Why am I telling you about this? Well, firstly I am obviously trying to appeal to my football affine audience (hi there, lonely soul). And secondly, I wanted to tell you why watching a football game has never been straightforward for me. It’s a game between two teams, one wins, one loses, or nobody does either and you feel like you’ve wasted the last 90 minutes watching 22 people kicking a football around a field. The expectation is that you pick one at the start of the game (or the season, or sometimes even your life) and then you cheer this team on until the bitter end.
At international sporting events the expectation is that you support your national team – who else? You might get away with supporting a different team if yours did not qualify (hello there, Austria) but otherwise, such a choice would be rather uncommon. But what do you do if your heart beats for more than one nation? Either, because you were born in one and now live in another, or because your parents are from two different countries?
The latter is the case for me and I always found it hard to pick a team to support. People might say that this is why I chose a French partner, so I’d get a shot at finally supporting a stronger team … (Allez les bleus!).
It was always natural for me to root for more than one team and be happy for their victories. When Austria played against Poland in 2008, I supported both teams. And I wasn’t disappointed when they played 1:1 – a perfect outcome for me.

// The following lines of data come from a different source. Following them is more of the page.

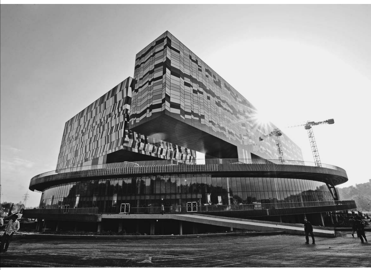
Школа управления «Сколково», возможно, будет готовить специалистов по управлению инновационным бизнесом

Президенты России и Украины Дмитрий Медведев и Виктор Янукович с пользой провели минувшие выходные. Лидеры приняли участие в автопробеге Санкт-Петербург—Москва—Киев, проехав за рулем своих автомобилей «Победа» 50 километров трассы в Брянской области. В этот же день они провели переговоры в резиденции российского президента «Завидово», в Тверской области.
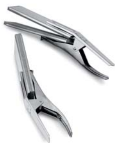
Pinze verticali Vertical clamps Pincés verticales Senkrechte Klammern
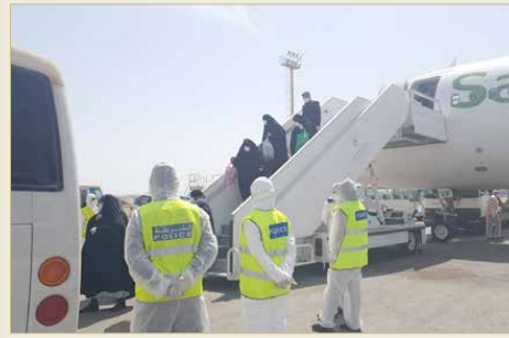
المنامة - وزارة الصحة

♦ "الصحة": توفير أقصى درجات الكفاءة في الخدمة العلاجية للقادمين
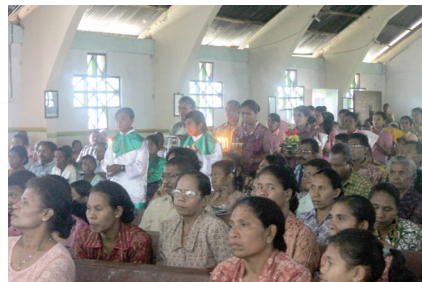
Gambar 1.2
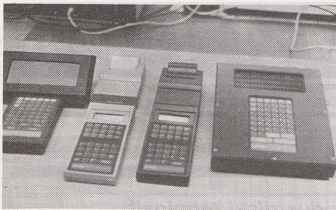
Družina industrijskih terminalov ima široke uporabne možnosti.
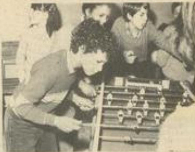
• Pendant la compétition

de se retrouver avec leurs homologues des autres villes, le 15 décembre.
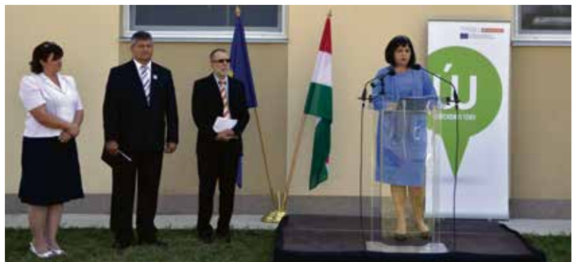
A felújított kiskorei vízmű átadásán Hegmanné Nemes Sára, a Nemzeti Fejlesztési Minisztérium vagyoni politikáért felelős államtitkára mondott ünnepi beszédet

A nagy változások a rengeteg pozitívum mellett sok kihívással és nehézséggel is járnak, amelyekkel meg kell küzdeniük a TRV Zrt. dolgozóinak. Az integrált települések nagy részén a vezetékek elavultak és nem megfelelő műszaki állapotúak. Ezért végre kell hajtaniuk a megfelelő ivóvíz- és szennyvízellátás biztosításához szükséges technológiai karbantartásokat és felújításokat. Az erre befektetett összeg középtávon, legalább tizenöt éves működtetés esetén térül meg. Ugyanakkor a folyamatos fejlődést és fejlesztést segíti területünkön az ivóvíz- és szennyvízellátás minőségét javító, jelenleg is futó, összesen hetvenegy pályázatunk, melyek megvalósulásával jelentősen nő az ellátás biztonsága. Ezzel párhuzamosan a hatékonyabb működést célozza a számítástechnikai, számviteli és bérprogramok terén elindított karbantartásunk, valamint egy nagyobb, egybefüggő rendszer kialakítása, illetve egy összehangolt irányítás-vezérléstechnikai rendszer kiépítése és a szervezeti egységek összehangolása is.
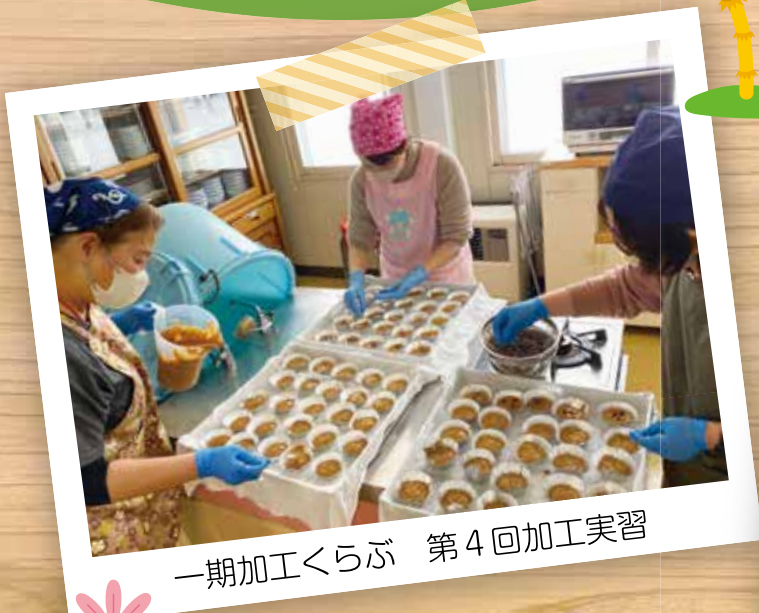
一期加工くらぶ 第4回加工実習
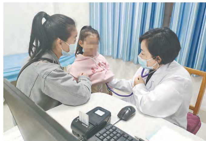
医生为儿童患者诊疗。

便利,该院成立了儿科病房区,能诊治儿童疱疹性咽峡炎、化脓性扁桃腺炎、支气管炎、支气管肺炎等呼吸道疾病,口腔溃疡、小儿腹泻合并脱水、急性胃肠炎等胃肠道疾病,以及手足口、水痘、流行性感冒等疾病,并配备婴幼儿心电监护仪、小儿电吸痰器、静脉推注微量泵及压缩雾化器等医疗设施,提供全天24小时儿童病房急诊服务。
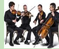
Quartet de Zagreb

Divendres 12 de maig, 20:30 h Casa Municipal de Cultura C/ Progrés, 9. El Port de Sagunt QUARTET DE ZAGREB Turina/ Beethoven /Dvorak: Música clàssica Preu de l'entrada: 7 euros Duració: 75 minuts
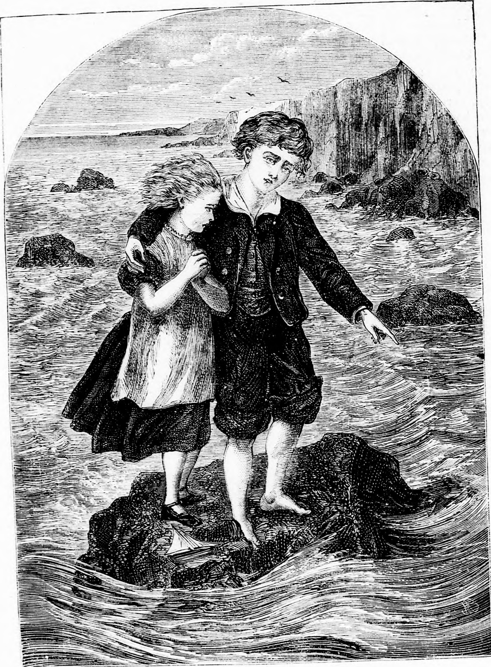
GYERMEK A SZIRTEN. (Lásd a 214. l.)

Pest-bécsi irodalmi és művészeti intézet Deutsch testvérek. Felelős szerkesztő: Forgó bácsi. Ára negyedévre 1 ft 20 kr. — Megjelen hetenként egyszer 16 oldalon. —
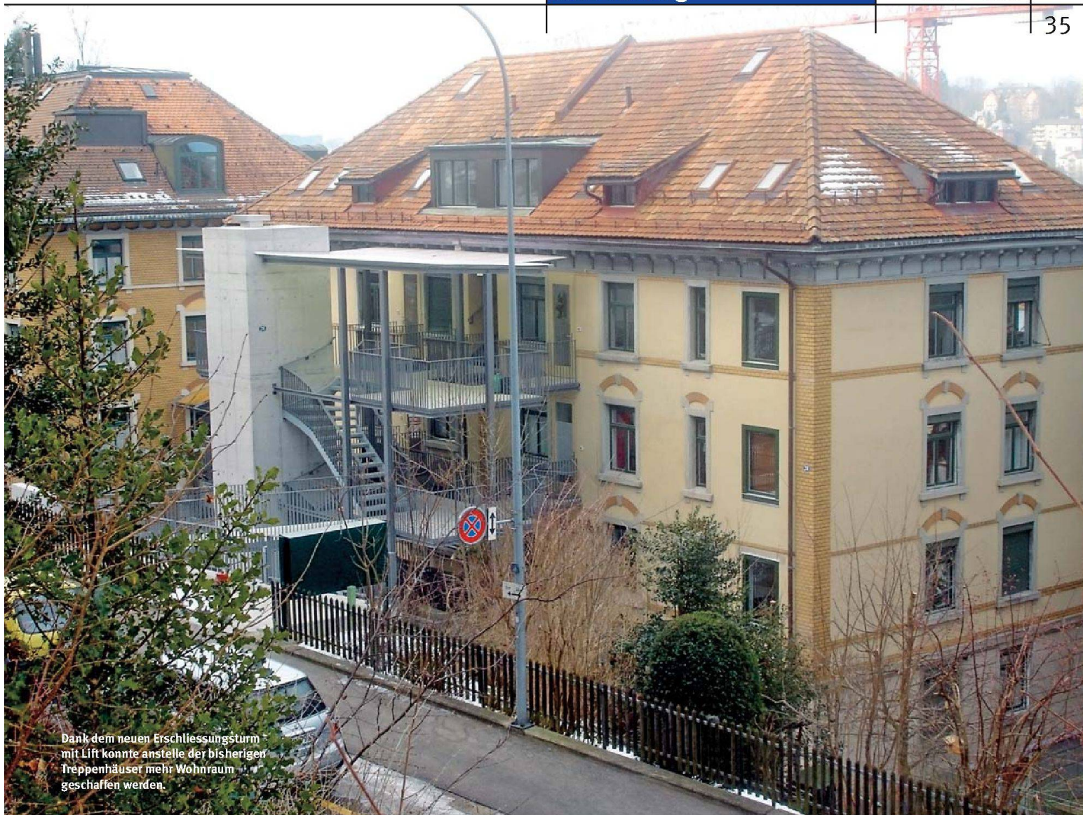
Dank dem neuen Erschliessungsturm mit Lift konnte anstelle der bisherigen Treppenhäuser mehr Wohnraum geschaffen werden.

GBS Gemeinnützige Baugenossenschaft St. Gallen baut ehemaliges Durchgangsheim um
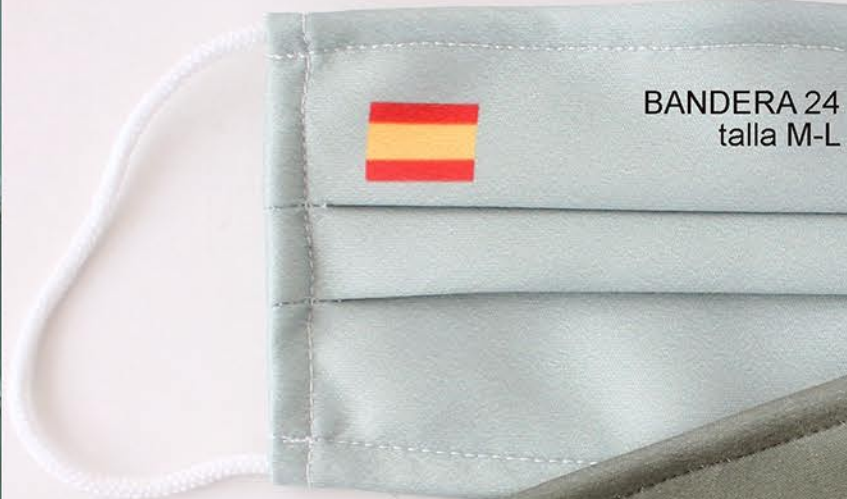
BANDERA 24 talla M-L
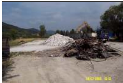
Abb. 5: Rückgebaute Gebäude (aussortiertes Metall und separierte mineralische Bausubstanz)

Die Abfälle wurden entsprechend dem EAK (Europ. Abfall-Katalog) deklariert und mittels Begleitschein-/Übernahme – scheinverfahrens geregelt entsorgt bzw. verwertet.
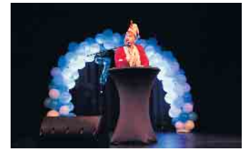
Der Sitzungspräsident stieß mit dem einen oder anderen Kölsch auf das Jubiläum an

nem frenetisch gefeierten Auftritt inklusive Zugabe unter großem Applaus die Bühne verließ. Ein großartiges Bild gaben im Anschluss die Funken Blau-Weiß Sieburg ab, die mit einer Großzahl von Tänzer*innen und tollen Darbietungen gratulierten. Der Topact des Abends waren zweifelsohne BRINGS. Und obwohl die Truppe an diesem Abend krankheitsbedingt auf Frontsänger Peter Brings verzichten musste, sorgte sie genau für die Stimmung, für die sie weit über die Kölner Stadtgrenzen hinaus bekannt ist. Einen krönenden Abschluss des Programms bildete die Tanzgarde der KG, die ebenfalls unter großem Applaus von den Geburtstagsgästen gefeiert wurde. Nach diesem großartigen Abend freuen sich bereits viele
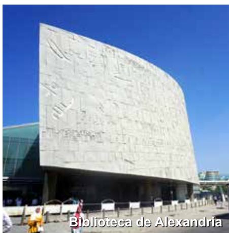
Biblioteca de Alexandria
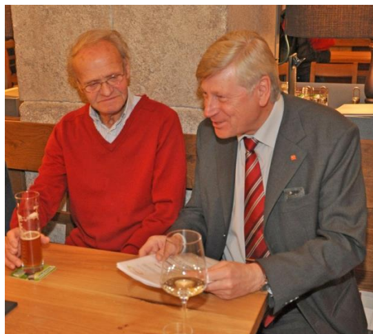
Weihnachtsstammtisch 2012 Bräustüberl Freistadt

Schade, dass es ihm in letzter Zeit nicht mehr möglich war zu seinem Stammtisch zu kommen. Er selbst, aber auch natürlich wir, haben das sehr bedauert.
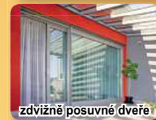
zdvíhací posuvné dveře
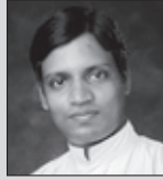
ಮಾ| ಬಾ| ಡೆನ್ಸಿಲ್ ಲೋಬೊ ವಸ್ತ್ರ ಯಾಜಕರ್
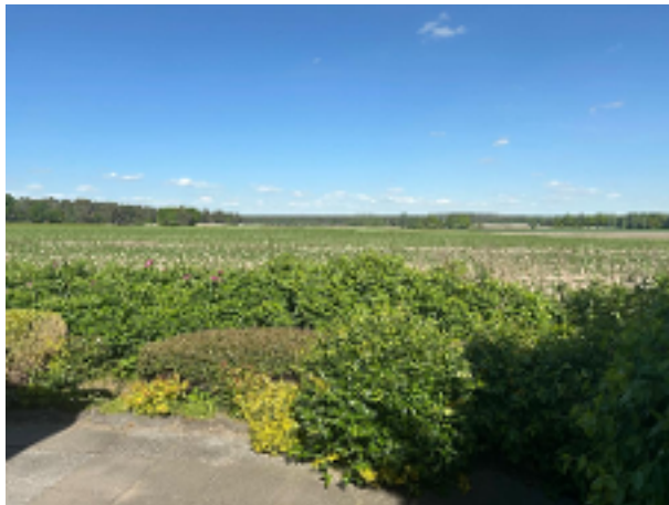
Feldblick von der Terrasse
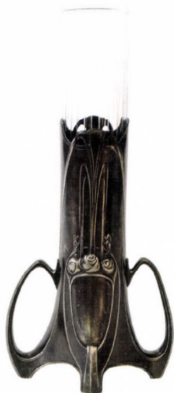
Szeccsessziós üvegváza, 1900-as évek eleje

Múzeumunkban található több darabos, intarziás ebédlőgarnitúrája (szekrény, vitrin, asztal és székek) azon bútortervei közül valók, melyekben a barokk stílus újjáélesztett hagyományait egy sajátos, magyaros formavilággal ötvözi. Az együttes az 1920-as években készülhetett, és Germanus Gyula hagyatékából származik.
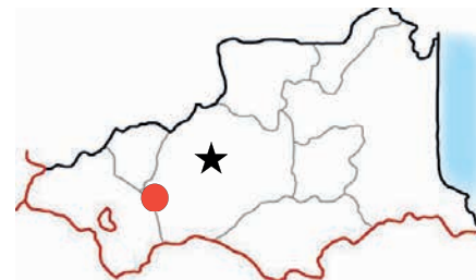
Groupe scolaire de Font-Romeu
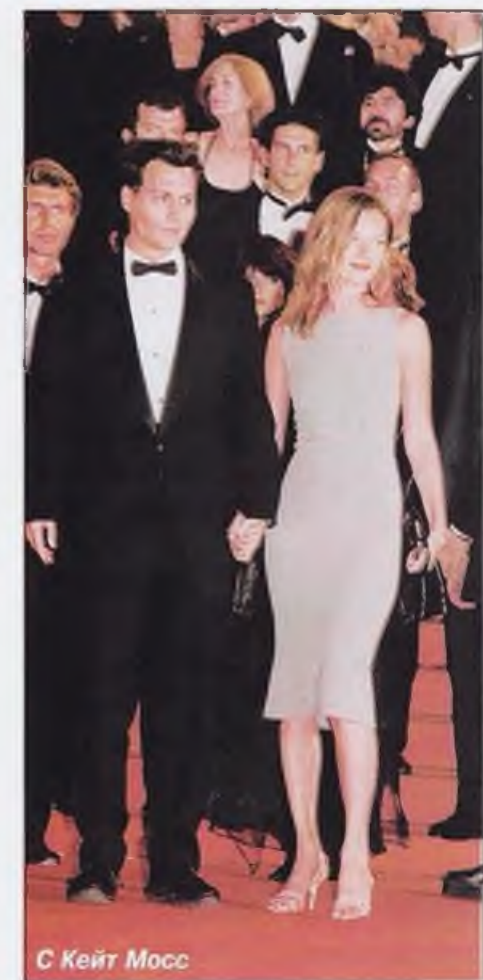
С Кейт Мосс
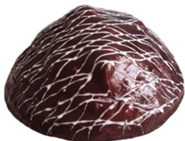
ТОРТ ДОМАШНИЙ СО СМЕТАНОЙ 800г
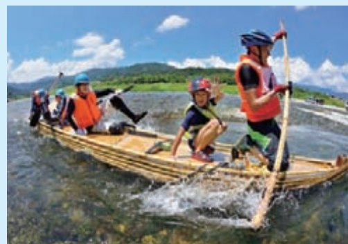
▲第29回大会写真コンテスト グランプリ作品「がんばるぞー」
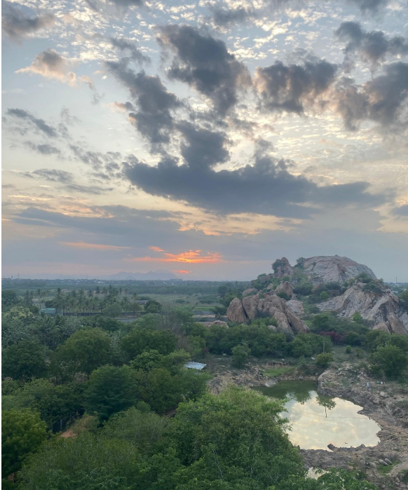
Blick vom Prayerrock auf den See sowie die Felsen außerhalb des Geländes

Das Haus der Pallotiner umfasst nicht nur die Unterbringung der Community sowie mancher Angestellter, sondern auch ein großes Seminarhaus mit über 100 Zimmern. Dabei handelt es sich oft um Gruppen von Priestern, die hier ein „Retreat“ durchführen, Fortbildungen für Lehrer*innen oder sonstige Seminargruppen. Dadurch ist hier im Haus und auf dem Campus immer viel los.
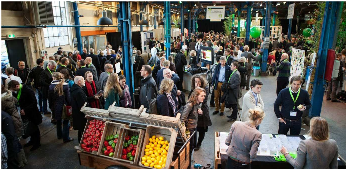
Landelijk evenement HIER opgewekt 15 november 2013
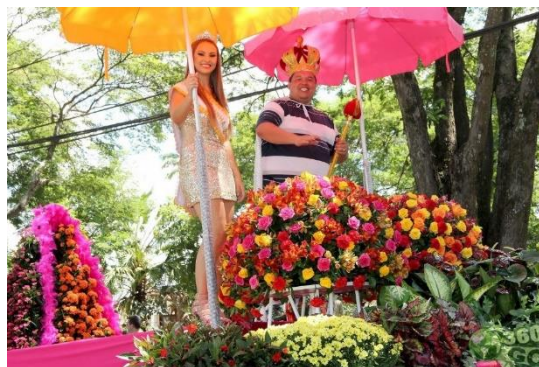
Figura 35 – Carro alegórico para o Canaflores em Holambra-SP
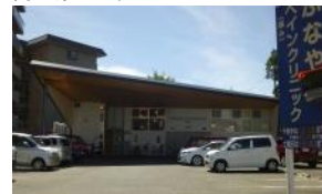
ふなやまペインクリ
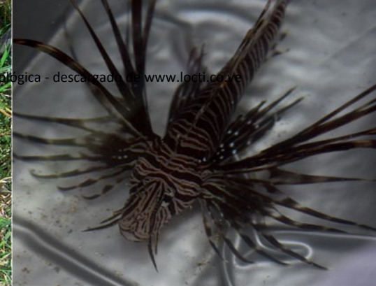
Pez Leon, especie exótica invasora.

El crecimiento desordenado y acelerado de las ciudades es también una de las principales causas de la pérdida de ecosistemas. Las grandes ciudades que destruyen ríos, bosques, sabanas y tierras cultivables, requieren transportar grandes cantidades de agua, alimentos y desechos, generando un impacto ambiental que trasciende la escala local y la propia ciudad.
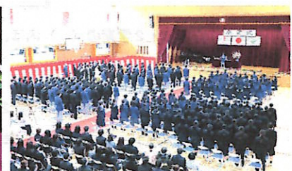
全校合唱のようす
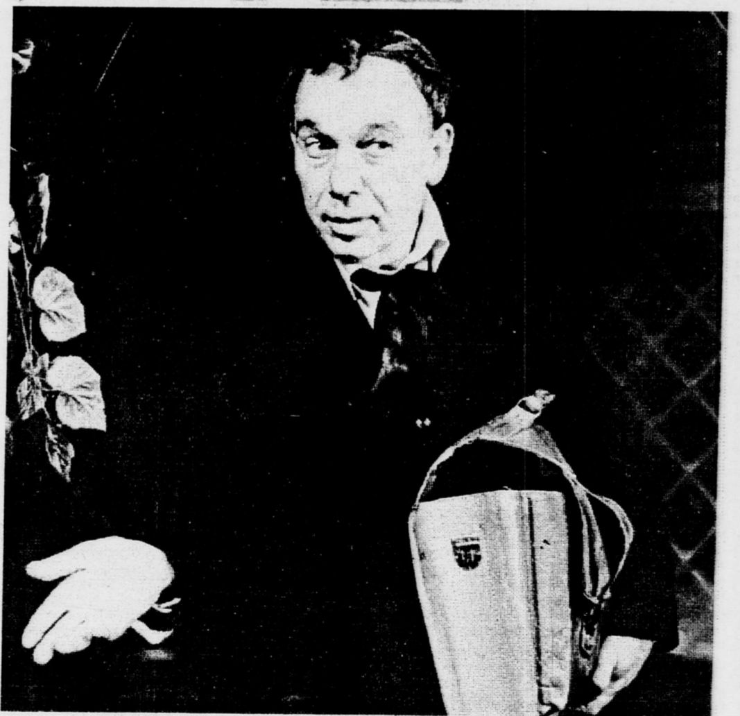
Народный артист России Вадим Соколов в спектакле «Резвые крылья амура...»

Нашим зрителям, конечно, интересуют и предметно творческие планы коллектива в новом сезоне. В конце октября планируется премьеры сразу двух русских водевилей первой половины XIX столетия. Это - Дмитрий Ленский - «Хороша и дурна, и глупа, и умна;
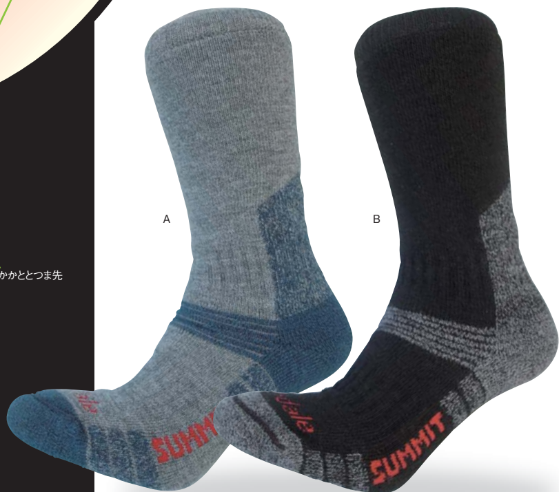
エンデュランスサミット
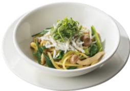
しらすと九条ネギの 出汁醤油バター(ハーフ) 409円 (税込450円)
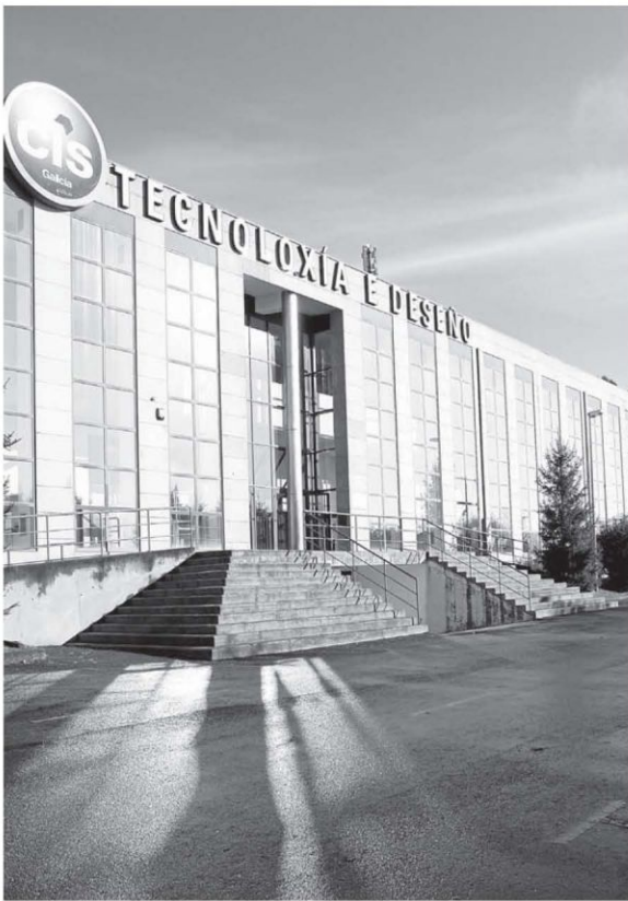
El CIS de A Cabana acoge durante varios meses los talleres y tutorías
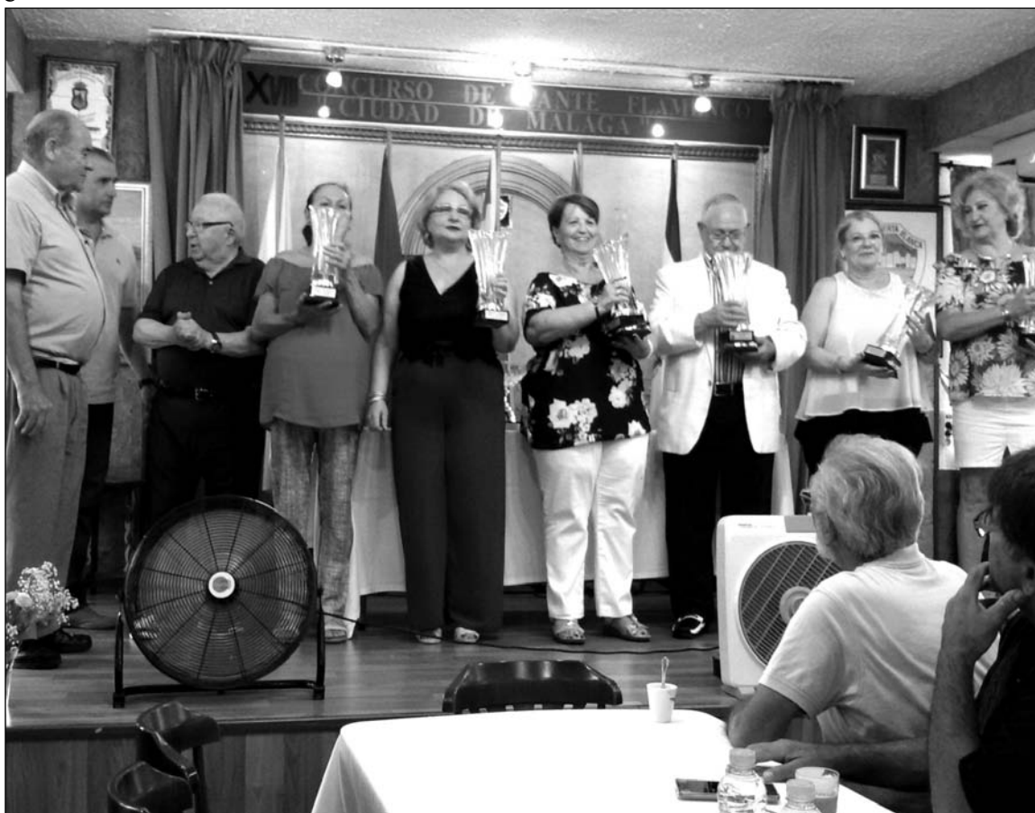
Los ganadores de los torneos muestran sus trofeos.

De cara al mes de julio, desde la Peña Ciudad Puerta Blanca se prepara para el sábado día 8, al mediodía, una comida de hermandad en la que se degustará la popular mariscada entre todos los socios.

I feel equally about my two hats as a researcher and a practitioner. I can never quite pick one side. On the one hand this can be quite tiring because I sometimes feel like I am a Jack-of-all-trades but master of none. I have an understanding of teaching practice but only having taught for 1.5 years myself before moving to academia full-time, I always feel like an intruder when I try to define myself as a teacher. What do I know, really, about the day-to-day life of a teacher under pressures of marking and performing? Can I really relate to being caught in the repetitive routines of a daily life in school? Similar thoughts come to mind as a researcher, when I sometimes feel like my obsession with the applicability of research is keeping me from concentrating enough on the nitty-gritty details. Sometimes I get carried away with wanting to apply findings instead of running boring stats.
But actually, quite like supporting more than one team in football, being part of more than one team in my professional life, I get double the chance of victories. It is a great feeling to be part of more than one in-group and to be able to relate to lived experiences (despite only short ones). It opens up new perspectives and allows me to focus on questions that I believe will make a difference in practice.
So, whether I shout Tor! or gol! My ideal case scenario is that two teams come together and do their best for 90 minutes. Essentially, the process of a football game is one of action and reaction. No team can exist meaningfully without the other. If one of them leaves, the other loses their motivation to do their best. So by giving your best in your team, aren’t you automatically also pushing the other to the heights of their performance? In that case, is a match ever a real competition, or is it a symbiosis?